What is pterygium?
Pterygium is a more common chronic inflammatory lesion of the ocular surface, associated with irritating factors such as age, sex and genetic factors, long-term ultraviolet exposure, and soot pollution. Clinically, it usually presents as exfoliated tissue on the bulbous conjunctiva and cornea of the palpebral fissure, so named because the lesion tissue is triangular and similar to the shape of insect wings. It is usually more common on the nasal side of the affected eye.
Pterygium usually has no self-conscious symptoms, but it can affect the appearance; and when the corpus grows to the cornea, it may produce astigmatism due to the pulling effect; if the lesion extends to the center of the cornea and blocks the pupil, it will cause visual impairment, and in very serious cases, it will even affect eye movements to varying degrees.

What about pterygium?
Pterygium is usually difficult to eliminate on its own, and as the patient ages and the external environment constantly irritates the eye area, the corpus carcass will grow slowly. Patients are advised to visit a specialist and consult a doctor to decide whether to consider conservative treatment or surgical treatment based on the size of the corpus, the site of influence, and the rate of progression.
The best surgical resection of pterygium is usually when the pterygium crosses the corneal margin by about 2 mm. Surgery is not recommended for early detection, because the corpus is small at this time and does not have a substantial impact on vision, and premature surgery may produce unnecessary stimulation, so that the corpus recurs and grows rapidly after surgery, crossing the corneal margin and affecting vision. It is sufficient to slow down its growth with medication. When the swelling is severe, some glucocorticoid drugs are considered for control.

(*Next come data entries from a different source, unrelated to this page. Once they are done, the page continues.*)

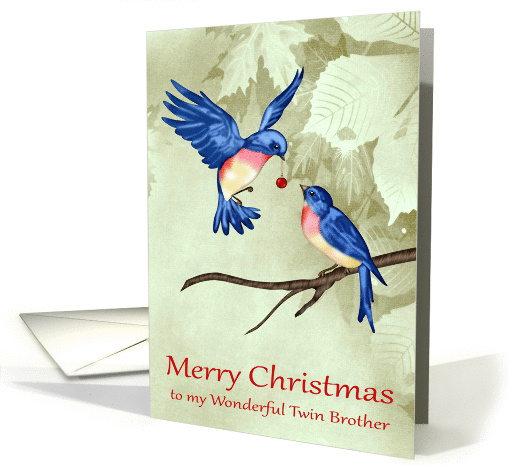 | Artist Notes: | Wish your wonderful twin brother a Merry Christmas with a card featuring a beautiful blue bird with a red ornament in his beak flying close to another blue bird sitting on a branch on a leafy background with dark text. Birds by Digital Designs by Elena |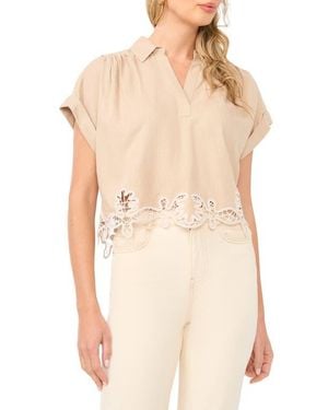Lace Trim Short Sleeve Crop Top - Natural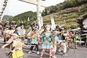 展示では同会が開いたフォトコンテストの受賞作品を紹介。5月の三隅つつじ祭りで地元の子どもたちが手作りの甲冑(かっちゅう)姿で勇ましく歩く作品や、10月の町内七つの山城による「のろしリレー」で高く煙が上る作品が目を引く。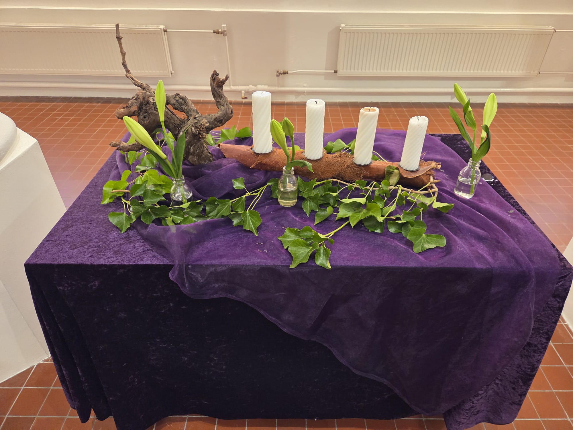 Ook dit jaar zorgde de Bloemengroep voor bijzondere bloemschikkingen in de weken voor Pasen, de 40 dagen tijd. Op de tafel stond een steeds dezelfde basis, maar elke week in een andere vorm. |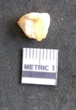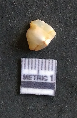 | Description / विवरण | The chalcedony piece is small, roughly triangular and has sharp flaked edges as a result of flaking activity. The piece is pale yellow in colour and has a crypto-crystalline matrix |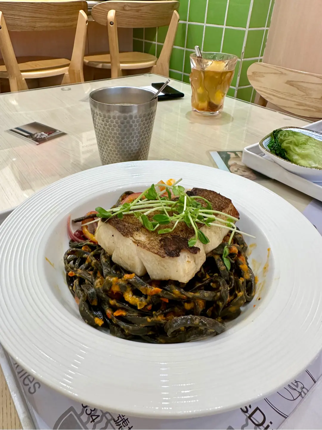香煎比目魚配檸檬辣汁手工墨魚麵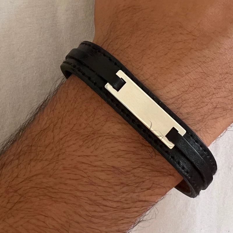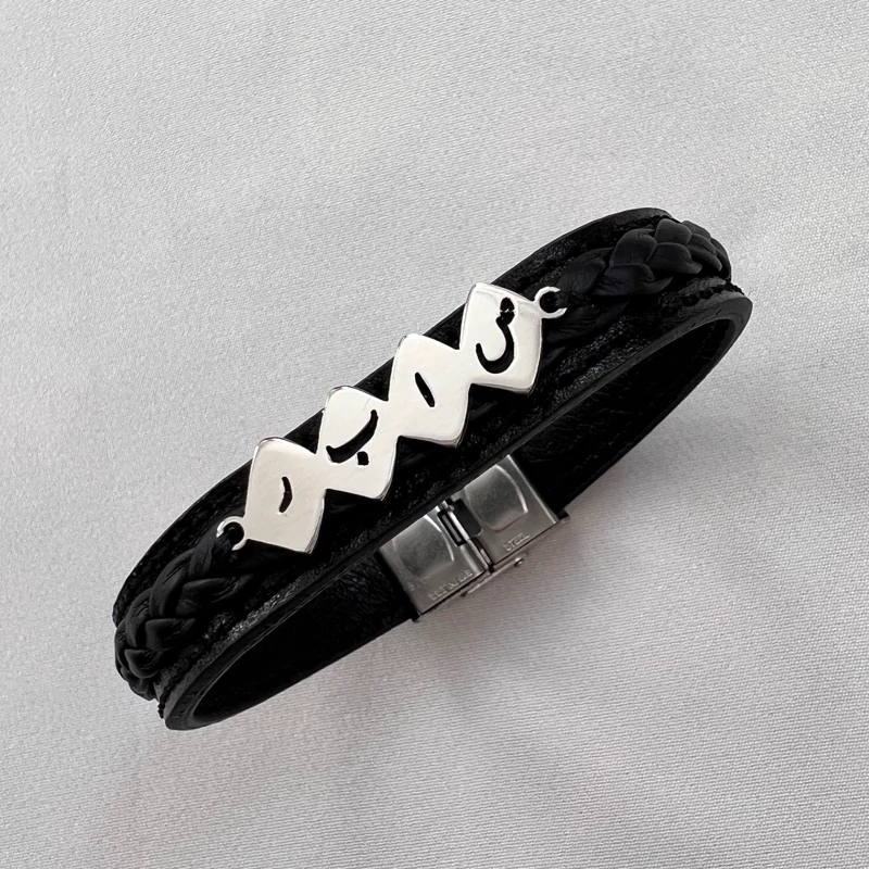 دستبند چرم دولاین با پلاک اسم دلخواه

Commonly used surgical treatment methods in clinical practice are thalasetomy combined with autologous conjunctival transplantation, corneal margin stem cell transplantation, amniotic membrane transplantation and other methods. At the same time, it should also be noted that the recurrence rate after surgery is 20%-30%, which is relatively high. Astigmatism or blurred vision may also occur after surgery.
How to prevent pterygium?
Because the cause of pterygium is usually long-term chronic inflammation, external irritation or poor lifestyle habits of the patient. The prevention of causative factors is often effective. Usually pay attention to eye hygiene, for example, do not rub the eyes hard or use too much eye drops, etc., to avoid bad habits on the corpus to cause further irritation. Try not to go to places with large sand and dust, avoid relevant stimuli; eat lightly, avoid dry stools, prohibit tobacco and alcohol, and ensure good sleep and living habits.
After resection, care should also be taken to prevent recurrence. When the eyes are not used after surgery, try to close the eyes and rest as much as possible to avoid excessive eye movement and affect the healing of the implant.